To get the most out of this data set you need to understand what each column in it represents. The ‘Title’ column gives you the title of the movie which can be used for further search or exploration on popular streaming services and websites that are dedicated to providing detailed information about movies. The ‘MPAA Rating’ lists any Motion Picture Association (MPAA) rating for a movie which consists of G (General Audiences), PG (Parental Guidance Suggested), PG-13 (Parents Strongly Cautioned), R (Under 17 Requires Accompanying Parent or Guardian) etc. The 'Budget' column give you an approximate idea about how much a particular production cost while the 'Gross' columns depicts its earnings if it was released in theaters while its successor 'Release Date' reveals when each film has been released or is going to release in future. The columns 'Genre', 'Runtime', and ‘Rating Count’ cover subjects such as what type of movie is it? Every genre will have an associated runtime limit along with rating count which refers to number people who have rated/reviewed a particular flick whether on IMDB or other streaming services as well as paper mediums like newspapers . Last but not least summary field states an overview of what we can expect from film so take this in account before watching anything especially if include children members in your family.
So go ahead - start exploring this interesting dataset today!

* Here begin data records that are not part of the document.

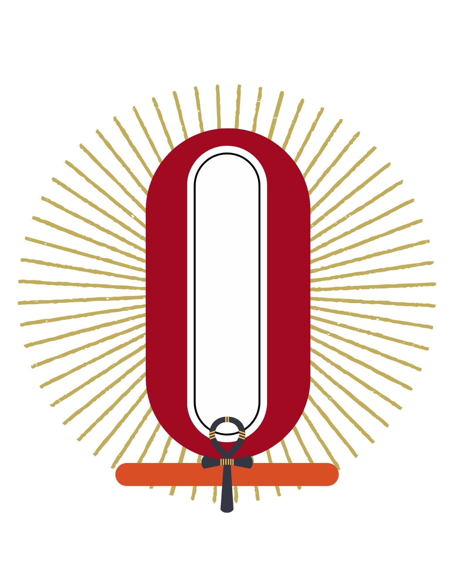 Description: Printed graphic design of a one of our signature Shenus (Kemetic Royal Seal). Has an Ankh (that represents life) at the bottom and rays of light beaming from the background.
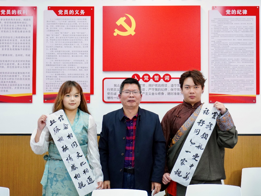 总结发言环节,许弘明以激昂的《爱我中华》旋律为引,结合“信念相同文化相通,血脉相融情感相亲”“党旗领航爱中华,福籽同心一家亲”“党旗领航讲好人文故事,文以载道塑造诚毅人生”三幅书法作品,深入浅出地阐述了共同信念与文化交流在民族团结中的基石作用。他深情寄语青年学子积极融入集体,不断增强民族团结意识,不仅要把民族故事讲得精彩动人,更要将其转化为实际行动,在日常生活中践行民族团结的理念。他细数了文明校园创建、学科竞赛、就业创业、导师制等当前重点工作的推进情况,鼓励大家以“功成不必在我,功成必定有我”的信念,主动规划作为,讲好人文故事,展现积极向上、团结奋进的精神风貌,为校园文化建设和民族团结进步事业贡献自己的力量。
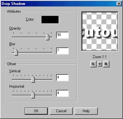 As we did before, go to Images, Effects and this time choose drop shadow. Here are the settings:
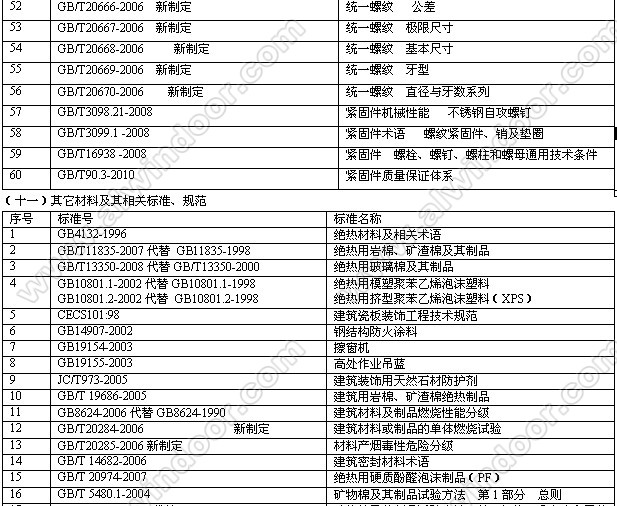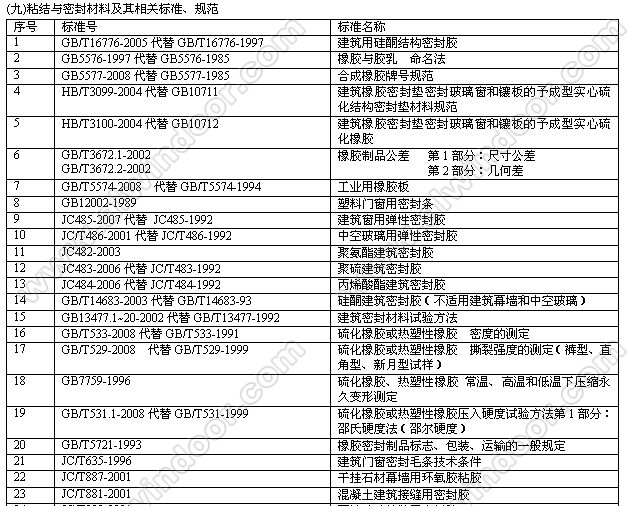 幕墻門窗行業國家標準、技術規范 (2011年5月31日止)
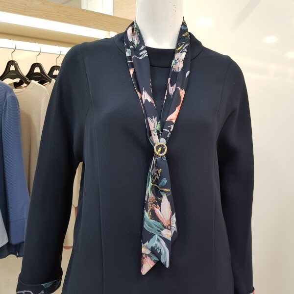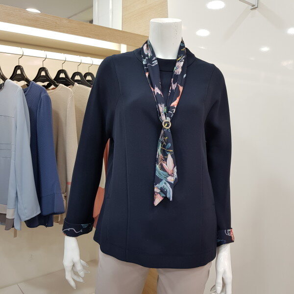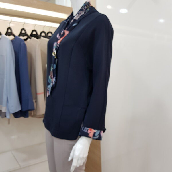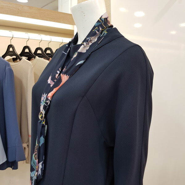 플라워 프린트 소매,타이 포인트를 주어여성스럽고 깔끔한 스타일입니다.
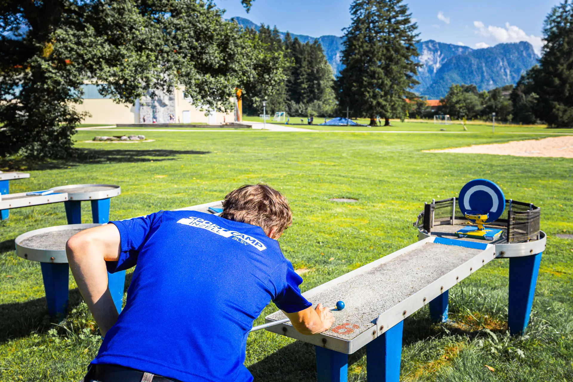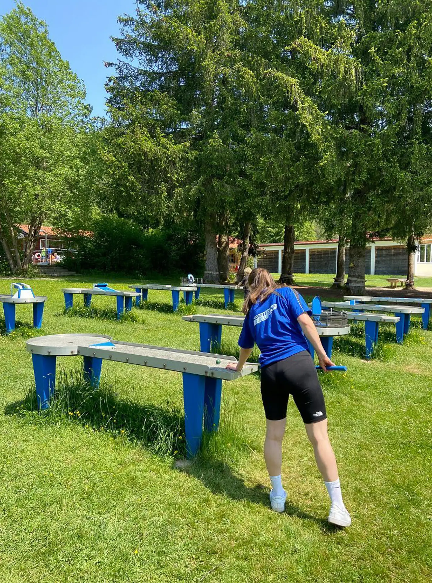 Wer glaubt, dass nur Fußball, Klettern oder Wandern für Spannung sorgen, der hat Pit-Pat noch nicht ausprobiert. Unsere Pit-Pat-Anlage im BLSV Sportcamp Spitzingsee verbindet Geschick, Konzentration und eine ordentliche Portion Spaß – mitten in der frischen Bergluft.
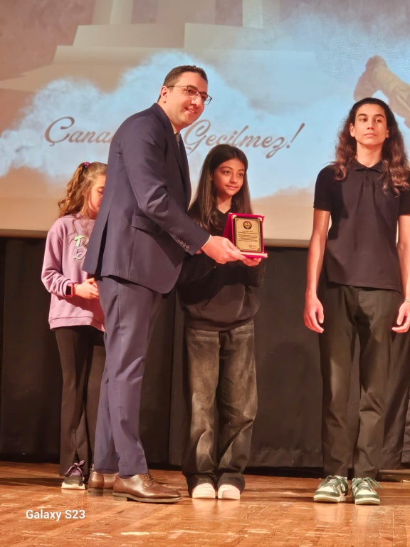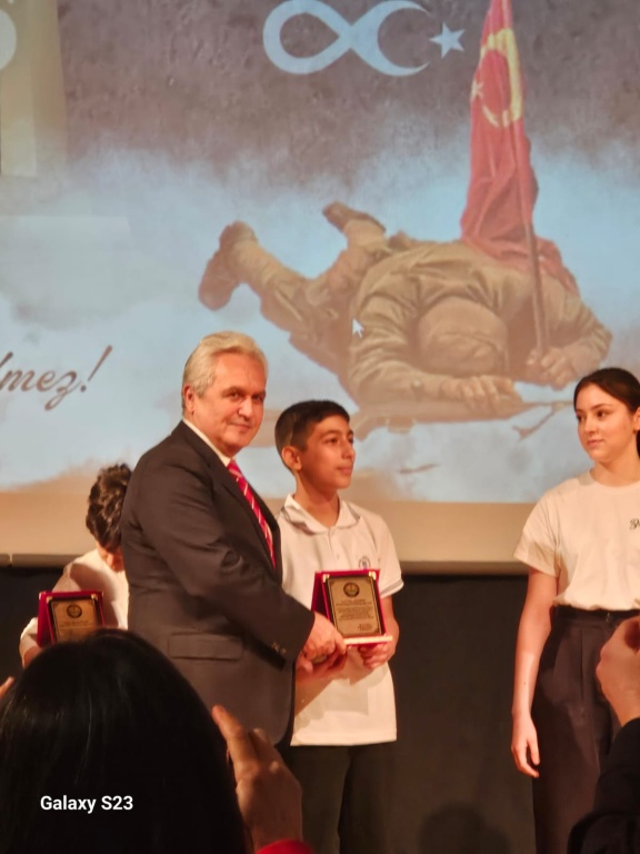 18 MART konulu Şiir Yarışmasında 1. ve 3. olan öğrencilerimiz ödüllerini törenle aldı.

- Creating a box office prediction model using budget, genre, release date and MPAA rating
- Using the summary data to create a sentiment analysis tool for movie reviews
- Building a recommendation engine for users based on their prior ratings and what other users with similar tastes have rated as highly
If you use this dataset in your research, please credit the original authors. Data Source
See the dataset description for more information.

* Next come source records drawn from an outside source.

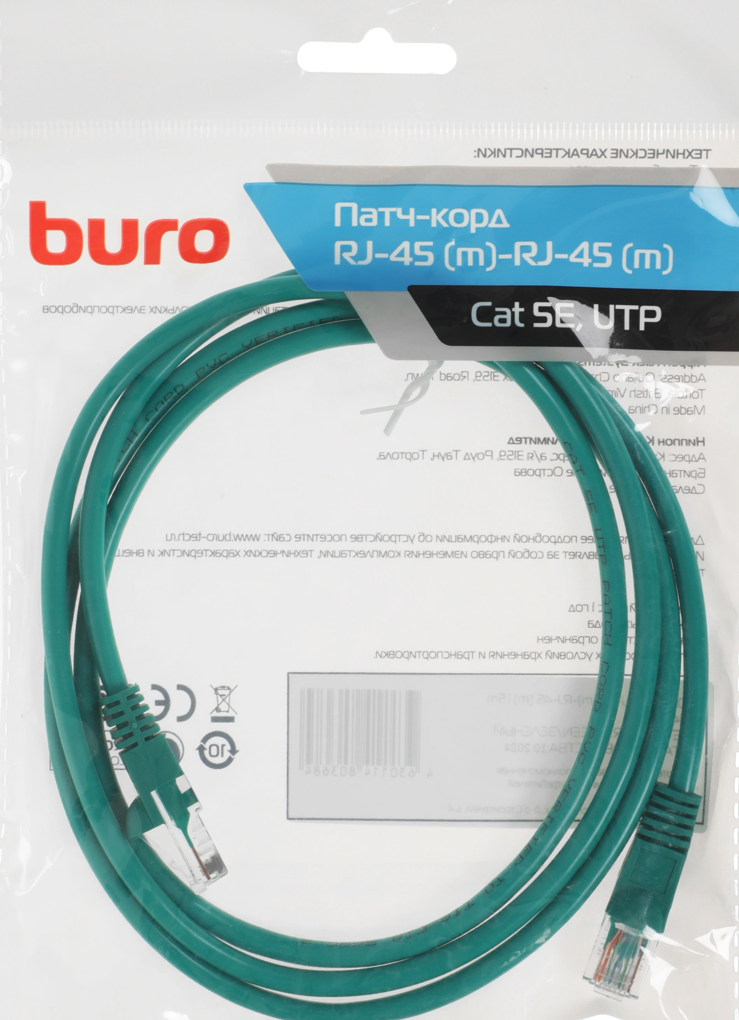UTP 4 пары cat.5E CCA molded 1.5м зеленый RJ-45 (m...
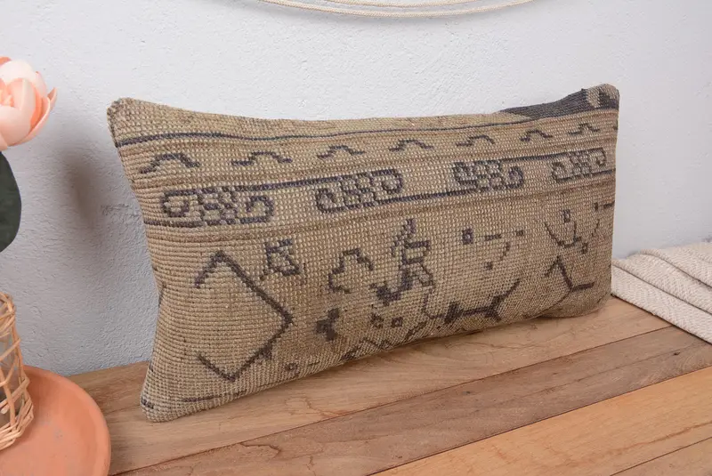 Almohada de lanzamiento beige del suroeste con acentos marrones, almohada rectangular hecha a mano
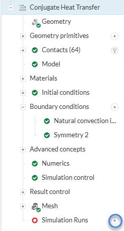 After creating a simulation, the simulation tree will be visible in the left-hand side panel. It’s necessary to set up all entries to be able to run the simulation. At this point, SimScale will also automatically detect all Contacts within the geometry. In our case, there are a total of 64 interfaces.
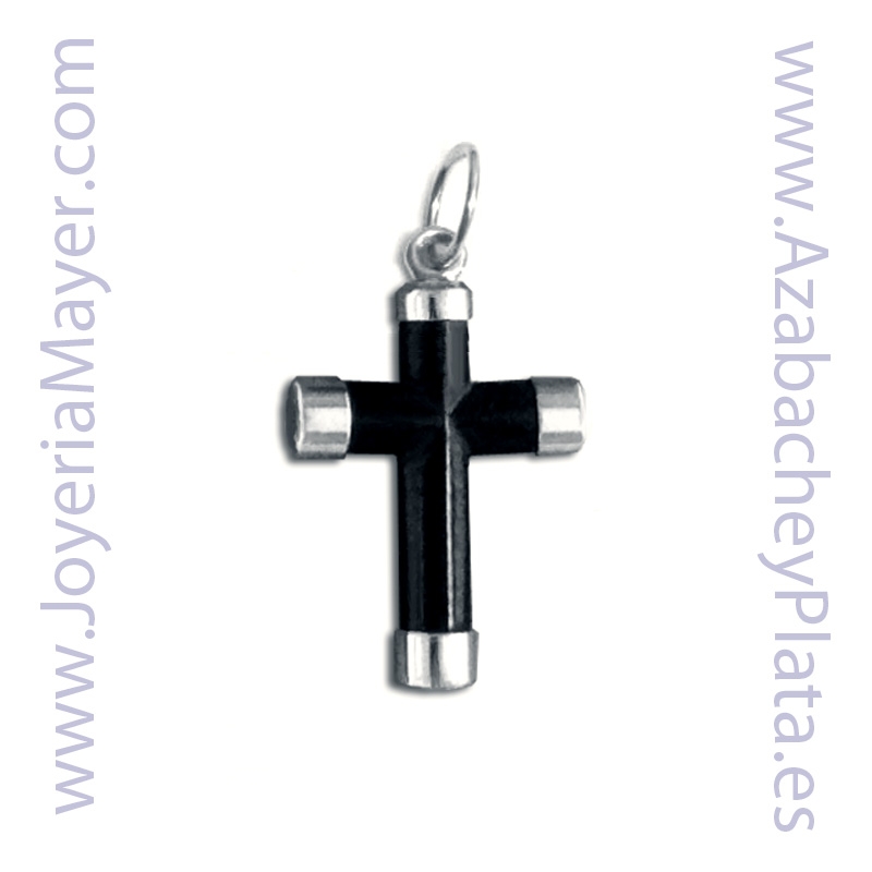 Cruz de azabache y plata, mod. cruz de azabache talla palo de 4 casquillos de plata.
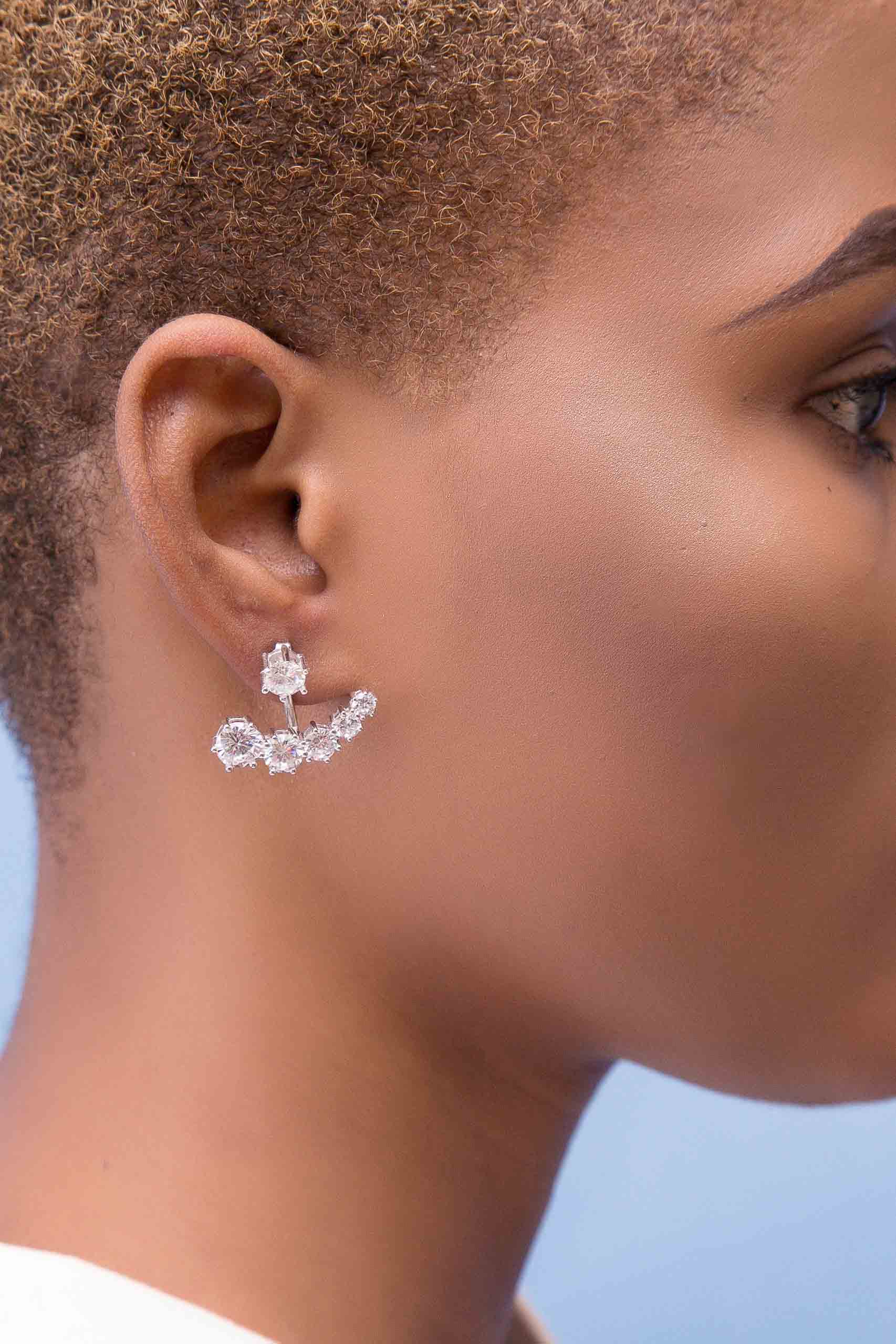 Earring Jackets With Clear Cubic Zirconia. Silver Plated.
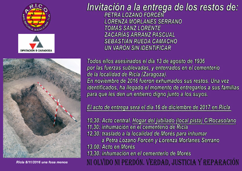 El sábado 16 de diciembre la Asociación por la Recuperación e Investigación Contra el Olvido (A.R.I.C.O) ha preparado un acto de entrega de seis de las 45 personas asesinadas en Ricla por el fascismo en la Guerra Civil.

File: movies.csv | Column name | Description | |:-----------------|:-------------------------------------------------------------------------------| | Title | The title of the movie. (String) | | MPAA Rating | The Motion Picture Association of America (MPAA) rating of the movie. (String) | | Budget | The budget of the movie in US dollars. (Integer) | | Gross | The gross revenue of the movie in US dollars. (Integer) | | Release Date | The date the movie was released. (Date) | | Genre | The genre of the movie. (String) | | Runtime | The length of the movie in minutes. (Integer) | | Rating Count | The number of ratings the movie has received. (Integer) | | Summary | A brief summary of the movie. (String) |
If you use this dataset in your research, please credit the original authors. If you use this dataset in your research, please credit Yashwanth Sharaff.